▶ [GIVEN MATERIAL]:
- - - - -

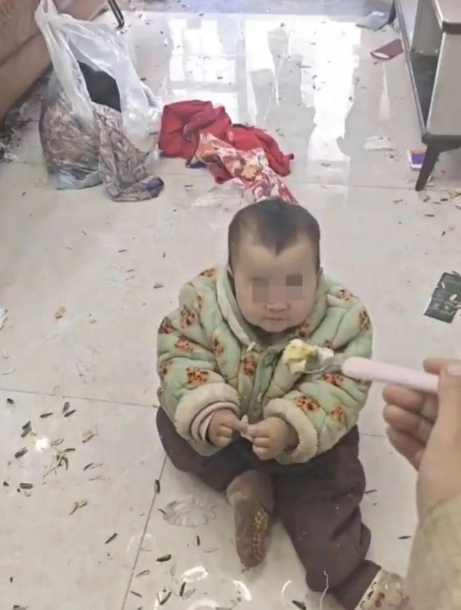 一个看起来只有1岁多的孩子,穿得也是脏兮兮的,在地上爬来爬去,妈妈则在追着喂饭。
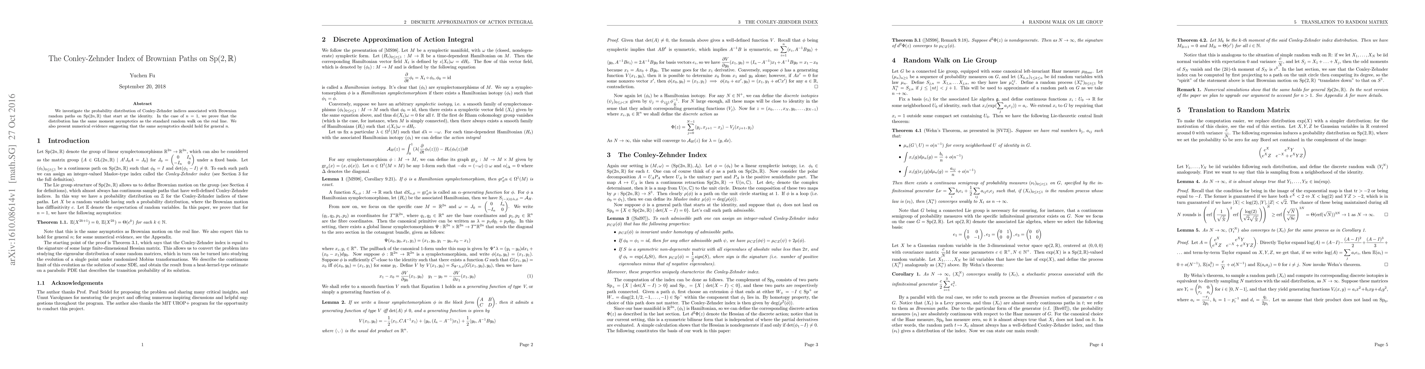 This paper studies the Conley-Zehnder index distribution for Brownian paths on Sp(2n, R) starting at the identity, proving that for n=1, it matches the moment asymptotics of a standard random walk on the real line, and providing numerical evidence suggesting this holds for all n.
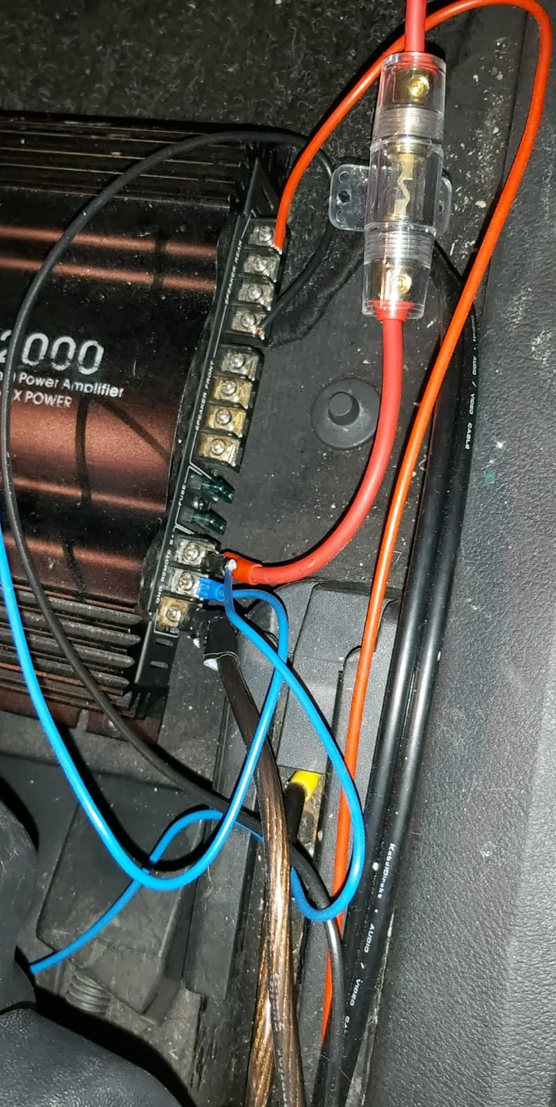 Die Endstufe sollte eigentlich in dne Kofferraum zum Woofer, aber Amazon hat ein viel zu kurzes Kabel verschckt...

- - - - -

▶ [WHAT YOU HAVE TO DO]:
Would you copy all the material exactly, dropping the pictures?

▶ [THE COMPLETED TASK]:
 一个看起来只有1岁多的孩子,穿得也是脏兮兮的,在地上爬来爬去,妈妈则在追着喂饭。
 This paper studies the Conley-Zehnder index distribution for Brownian paths on Sp(2n, R) starting at the identity, proving that for n=1, it matches the moment asymptotics of a standard random walk on the real line, and providing numerical evidence suggesting this holds for all n.
 Die Endstufe sollte eigentlich in dne Kofferraum zum Woofer, aber Amazon hat ein viel zu kurzes Kabel verschckt...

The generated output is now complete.